Ao adentrar as dependências da delegacia, com o propósito de dialogar sobre o incêndio e a respeito da citada perícia, encontramos uma mãe e sua filha adolescente, essa com 13 anos de idade. Recorriam à polícia em busca de apoio, quando a mãe da adolescente relatava um abuso sofrido por sua filha, denunciando um visinho – de meia idade – que a teria seduzido e, posteriormente, violentado-a sexualmente, sob a promessa de presenteá-la com um aparelho celular. O município de Pedras de Fogo é reconhecido pela violência e pelas mazelas de uma região de fronteira (Paraíba-Pernambuco), onde a pobreza impera e as relações de poder se sobrepõem ao Estado de Direito. Não dessemelhante do que acontece em todos os bolsões de pobreza, o celular é um daqueles produtos que se apresenta como símbolo de status e de bem estar para os jovens, afetados pelo fetiche do produto, capaz de causar desejo ilimitado a ponto de subjugar os seres humanos às mais degradantes condições de humilhação, causando tamanho furor, a ponto de motivar o crime que banaliza a vida e, até mesmo, a violação da dignidade de uma adolescente de treze anos. Mas, se essa questão já é motivo de indignação, ela não se apresentou no citado episódio como o único motivo de minhas revoltas.

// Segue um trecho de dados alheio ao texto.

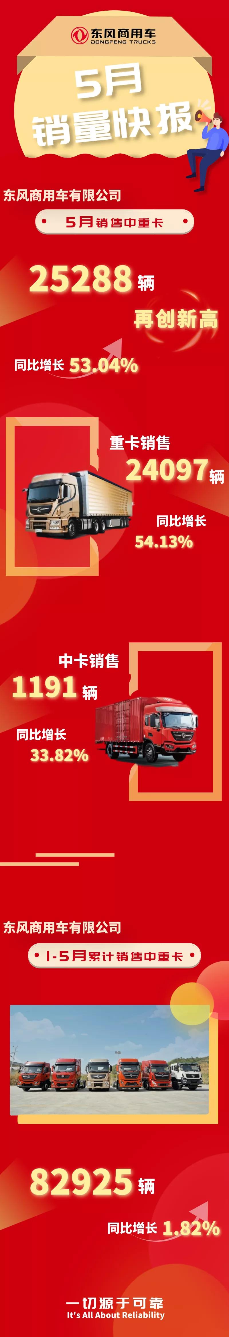 据东风商用车官微最新消息,东风商用车有限公司5月销售中重卡25288辆,再创新高,同比增长53.04%。
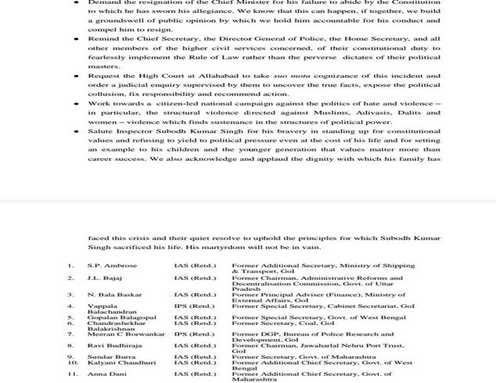 मुख्यमंत्री के नाम भेजे गए अपने पत्र में रिटायर्ड ऑफीसर्स का कहना है कि योगी आदित्यनाथ ने बुलंदशहर हिंसा को गंभीरता से नहीं लिया। इसके अलावा वह सिर्फ गोकशी केस पर ध्यान दे रहे हैं।

A mãe nervosa e sua filha, constrangida, buscando o auxílio da justiça, pois já haviam tentado o apoio, sem sucesso, de um conselho tutelar desaparelhado e despreparado, típico de um município onde os conselheiros são escolhidos sob a influência das relações políticas locais, estavam expostas a um serviço de polícia preconceituoso e machista, em sua pior expressão. Como resposta a denúncia, o delegado, que mais se assemelhava a um bad boy, em momento algum demonstrou qualquer reação de profissionalismo, ou sequer se deu conta de seus deveres, a luz do Estatuto de Criança e do Adolescente, muito menos da Lei Maria da Penha, que asseguram o direito a vitima da violência sexual – pois a mãe tentava desesperadamente fazer-se compreendida em sua situação de humilhação.

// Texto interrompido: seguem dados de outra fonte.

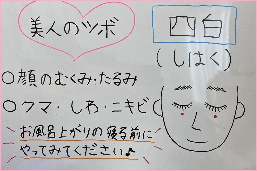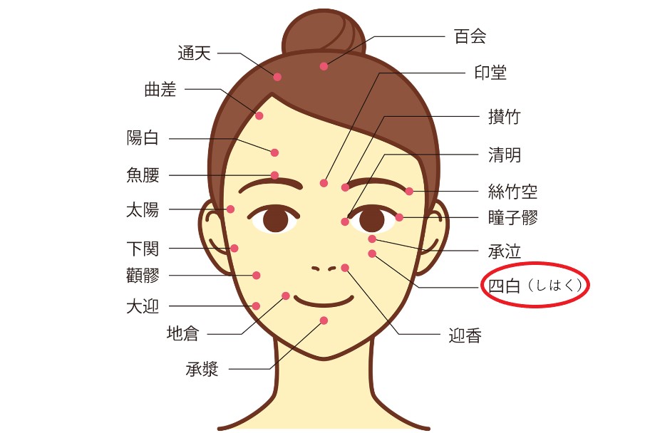 その中でも「四白(しはく)」は、ご自身でケアしやすいツボで、かつ効果が表れやすかったりしますのでセルフケアに大変おススメです。
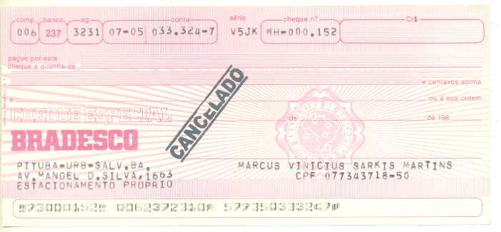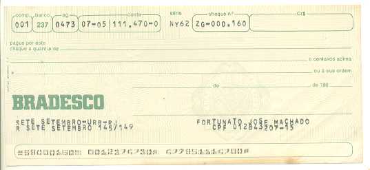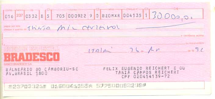 | 58854 | Brasil, 1992, cheque do Banco Brasileiro de Descontos, valor em Cr$, usado | 5,00 | Foto |

Ao contrário, o delegado às expôs ao ridículo, à contestação pública e a uma séria de outros comentários preconceituosos, pejorativos, levantando a tese de que a violentada teria sido a provocadora do crime cometido. Digo que a delegacia possui sala adequada, que a permite ser fechada para que se tome, com privacidade, qualquer depoimento necessário, contudo, o delegado parecia estar mais interessado coma publicidade do fato e, com a exposição de suas experiências semelhantes, do que com o seu dever de apurar e de fazer cumprir a lei.
Durante cerca de vinte minutos nós, os visitantes, fomos submetidos aos mesmos argumentos preconceituosos, pejorativos e, seguramente fascistas, quando o representante da lei tentava nos impor sua compreensão equivocada de que os crimes daquela natureza são banais, ou que são culpa da mulher – simplesmente por que em sua compreensão carregam consigo a culpa da sensualidade. Outros tantos comentários revoltantes foram proferidos, sempre em público, expondo a mãe e adolescente ao vexame e a certeza de que naquele local encontrar-se-ia de tudo, menos o atendimento aos seus direitos.
Como lição, não obstante às nossas expressões de revolta, ficou o sentimento de impotência e a certeza de como as injustiças imperam, sobretudo para os empobrecidos, principalmente em desfavor das minorias: pobres, mulheres, negros, crianças e adolescentes. Senti como as mulheres vitimadas pela violência são tratadas nos corredores das delegacias por policiais “trogloditas” e por um Estado que teima em negar à dignidade ao povo trabalhador. Sentei como são necessárias as delegacias exclusivas para o atendimento dos casos de violência contra mulheres e de combate à violência e a exploração sexual de crianças e de adolescentes.
Paraíba, setembro de 2012.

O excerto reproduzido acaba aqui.